How data clean rooms might help keep the internet open

Are data clean rooms the solution to what IAB CEO David Cohen has called the “slow-motion train wreck” of addressability? Voices at the IAB will tell you that they have a big role to play.

“The issue with addressability is that once cookies go away, and with the loss of identifiers, about 80% of the addressable market will become unknown audiences which is why there is a need for privacy-centric consent and a better consent-value exchange,” said Jeffrey Bustos, VP, measurement, addressability and data at the IAB.

“Everyone’s talking about first-party data, and it is very valuable,” he explained, “but most publishers who don’t have sign-on, they have about 3 to 10% of their readership’s first-party data.” First-party data, from the perspective of advertisers who want to reach relevant and audiences, and publishers who want to offer valuable inventory, just isn’t enough.

Why we care. Two years ago, who was talking about data clean rooms? The surge of interest is recent and significant, according to the IAB. DCRs have the potential, at least, to keep brands in touch with their audiences on the open internet; to maintain viability for publishers’ inventories; and to provide sophisticated measurement capabilities.

How data clean rooms can help. DCRs are a type of privacy-enhancing technology that allows data owners (including brands and publishers) to share customer first-party data in a privacy-compliant way. Clean rooms are secure spaces where first-party data from a number of sources can be resolved to the same customer’s profile while that profile remains anonymized.

In other words, a DCR is a kind of Switzerland — a space where a truce is called on competition while first-party data is enriched without compromising privacy.

“The value of a data clean room is that a publisher is able to collaborate with a brand across both their data sources and the brand is able to understand audience behavior,” said Bestos. For example, a brand selling eye-glasses might know nothing about their customers except basic transactional data — and that they wear glasses. Matching profiles with a publisher’s behavioral data provides enrichment.

“If you’re able to understand behavioral context, you’re able to understand what your customers are reading, what they’re interested in, what their hobbies are,” said Bustos. Armed with those insights, a brand has a better idea of what kind of content they want to advertise against.

The publisher does need to have a certain level of first-party data for the matching to take place, even if it doesn’t have a universal requirement for sign-ins like The New York Times. A publisher may be able to match only a small percentage of the eye-glass vendor’s customers, but if they like reading the sports and arts sections, at least that gives some directional guidance as to what audience the vendor should target.

Dig deeper: Why we care about data clean rooms

What counts as good matching? In its “State of Data 2023” report, which focuses almost exclusively on data clean rooms, concern is expressed that DCR efficacy might be threatened by poor match rates.
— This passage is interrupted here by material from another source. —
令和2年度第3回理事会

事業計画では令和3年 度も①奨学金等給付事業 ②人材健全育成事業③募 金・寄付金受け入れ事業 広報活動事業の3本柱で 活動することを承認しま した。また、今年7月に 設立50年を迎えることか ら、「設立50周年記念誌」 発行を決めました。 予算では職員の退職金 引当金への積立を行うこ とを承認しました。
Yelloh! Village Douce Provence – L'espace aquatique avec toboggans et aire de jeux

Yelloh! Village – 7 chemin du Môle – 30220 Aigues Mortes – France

Average match rates hover around 50% (less for some types of DCR).

Bustos is keen to put this into context. “When you are matching data from a cookie perspective, match rates are usually about 70-ish percent,” he said, so 50% isn’t terrible, although there’s room for improvement.

One obstacle is a persistent lack of interoperability between identity solutions — although it does exist; LiveRamp’s RampID is interoperable, for example, with The Trade Desk’s UID2.
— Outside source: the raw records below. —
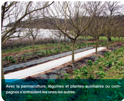
Avec la permaculture, légumes et plantes auxiliaires ou compagnes s'entraident les unes les autres.
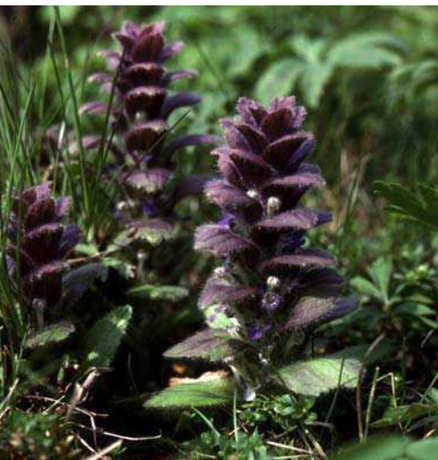
Blåsugan, en växt som bara växer i gamla betesmarker.

värmeperiod då medeltemperaturen var ett par grader högre än idag vilket motsvarar dagens klimat i nordöstra Frankrike. Troligen var de frodiga skogarna inte helt slutna utan stora betesdjur som uroxer och visent höll gläntor öppna där ängsmarkens flora och fauna kunde utvecklas.
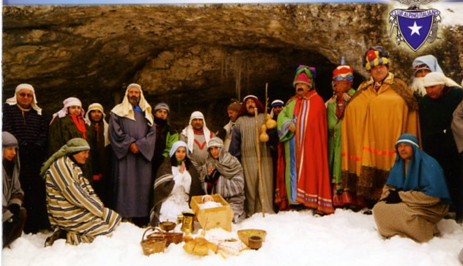
"Grotta della Valianara" - Luciano Torrieri
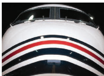
Idealna linia odcięcia
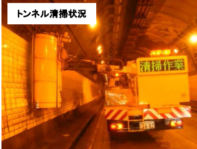
トンネル清掃状況

作業内容により交通規制を行う場合があります。ご迷惑をおかけしますがご理解とご協力をお願いいたします。

Nevertheless, said Bustos, “it’s incredibly difficult for publishers. They have a bunch of identity pixels firing for all these different things. You don’t know which identity provider to use. Definitely a long road ahead to make sure there’s interoperability.”
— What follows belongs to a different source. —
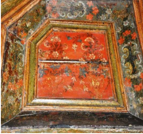
Görsel 1: Minber yan aynalık bezemeleri detay

Çemberin etrafından dört yana dağılan kırmızı goncalar ise baklava dilimli kırmızı renkli bir çıta ile kuşatılmaktadır. Köşkün kare planlı tavanına çapraz şekilde yerleştirilen bu şekil ile kenarlarda oluşan üçgen alanların içerisine ise yeşil yapraklı kırmızı gül demetleri tasvir edilmiştir (Görsel: 2). Köşk altı, batıdaki tamamen silinmiş olup doğudaki ortada bulunan kare planlı ve kırmızı astar renkli bir yüzey üzerine iki demet çiçek yerleştirilmiştir. Kırmızı, mavi, mor, pembe renklerden oluşan karanfiller, hanımeli, gibi çiçeklerden oluşmaktadır. Bu alanın etrafında yer alan bordür ise kartuşlar ve etrafına yerleştirilmiş olan çiçek ve yaprakların düzeninden oluşmaktadır. Ağaçtan yapılmış olan minberin kapısı, alt tarafta kare prizmal başlayan ortada silindirik gövdeye dönüşen iki sütun üzerine üç dilimli kemerden oluşmaktadır. Kemerlerin üzerinde ise yarım daire planlı bir tepelik ile yanlarda birer başlıktan oluşmaktadır. Edirnekâri bezemeler, sütunları sarmal şekilde kuşatan sarmaşıklar ile kemer köşeliklerini her iki yandan kuşatan çiçekler bulunmaktadır

Maintaining an open internet. If DCRs can contribute to solving the addressability problem they will also contribute to the challenge of keeping the internet open. Walled gardens like Facebook do have rich troves of first-party and behavioral data; brands can access those audiences, but with very limited visibility into them.

“The reason CTV is a really valuable proposition for advertisers is that you are able to identify the user 1:1 which is really powerful,” Bustos said. “Your standard news or editorial publisher doesn’t have that. I mean, the New York Times has moved to that and it’s been incredibly successful for them.” In order to compete with the walled gardens and streaming services, publishers need to offer some degree of addressability — and without relying on cookies.

But DCRs are a heavy lift. Data maturity is an important qualification for getting the most out of a DCR. The IAB report shows that, of the brands evaluating or using DCRs, over 70% have other data-related technologies like CDPs and DMPs.

“If you want a data clean room,” Bustos explained, “there are a lot of other technological solutions you have to have in place before. You need to make sure you have strong data assets.” He also recommends starting out by asking what you want to achieve, not what technology would be nice to have. “The first question is, what do you want to accomplish? You may not need a DCR. ‘I want to do this,’ then see what tools would get you to that.”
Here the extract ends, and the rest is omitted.